Explico: entre eles não houve uma grande festa de casamento, como tantas vezes sonhado por Ted, não houve grandes pedidos, nem houve grandes planos… Nada disso importava comparado aos pequenos prazeres e às profundidades da devoção mútua. Mesmo quando ela morre, é a simples revelação – compreendida por Ted e pelos filhos ao incentivarem o pai a ir atrás da Robin – de que não há uma “alma gêmea”. O amor verdadeiro é algo que se constrói. Leva tempo, consideração, um coração aberto, alguma sorte… E alguém que quer a mesma coisa, ao mesmo tempo.

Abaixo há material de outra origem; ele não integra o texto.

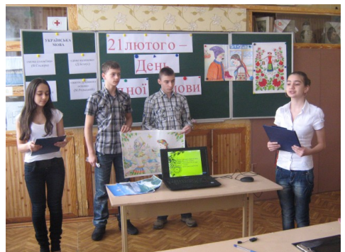
Фоторепортаж із заходу-проекту “Рідна мова – найдорожчий скарб” НВКТП
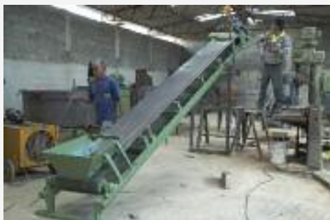
ESTEIRA Reforçada e com grande durabilidade
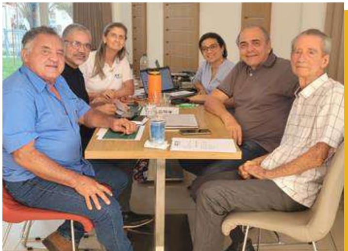
Reunião Mensal no dia 20/02/2025 Indicação FIEB – Feira de Santana.
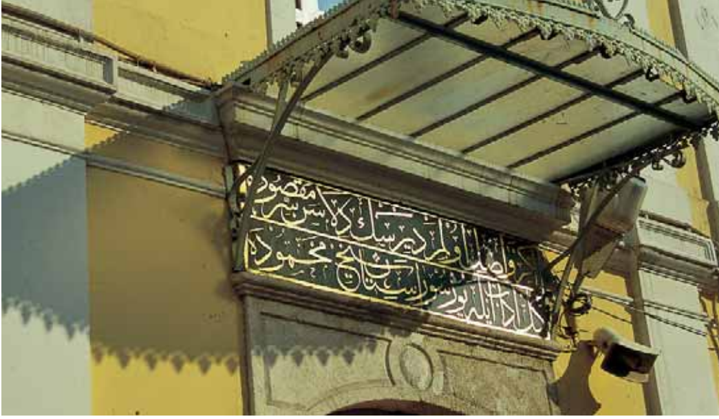
Aziz Mahmud Hüdâyî Camii'nin giriş kapısındaki kitabe

[Sultan] gâyet gayz ve gazaba geldi. Neylesin Emir Sultan'a itikâdı ve onun "kutubdur" diye şehâdeti oldukta, aydur:
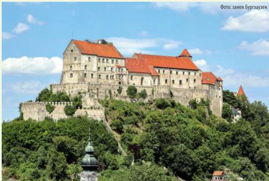
Фото: замок Бургхаузен

Виттельсбахи использовали замок Бургхаузен в качестве второй резиденции до 1505 года. Затем он утратил своё политическое значение и использовался в основном в военных целях. Сегодня огромный комплекс используется по-разному, ведь места здесь предостаточно: часть замка сдаётся в аренду под квартиры или для проведения мероприятий, а в замке Бургхаузен расположено несколько музеев, таких как Государственный музей, Баварская государственная коллекция живописи и музей пыток. С крепостных стен открывается впечатляющий вид на долину реки Зальцах.

A série apresenta uma caracterização de romance corajosa e incomum na TV quando o final apresenta dois casos distintos em que esse tipo de amor existe. Ambos reais, ambos conquistados. O show não é sobre Robin, como não é sobre Tracy. É sobre o Amor Maduro, que permite que ambas histórias tenham sido possíveis.
Mas talvez o que há de mais bonito no gesto final de How i Met Your Mother seja sua sinceridade e simplicidade. É o jeito que Ted encolhe os ombros enquanto acena com a velha trombeta azul para sorridente Robin na janela (Ted roubou a trombeta para ela em um encontro dos dois no primeiríssimo episódio da série), ambos agora na casa dos 50 anos, serenos e enrugados. Confirma tudo o que HIMYM vinha tentando dizer: essa é uma história de duas pessoas que passam por tantos altos e baixos que se tornam “cínicos” o bastante para perceber o quão importante um gesto romântico realmente é.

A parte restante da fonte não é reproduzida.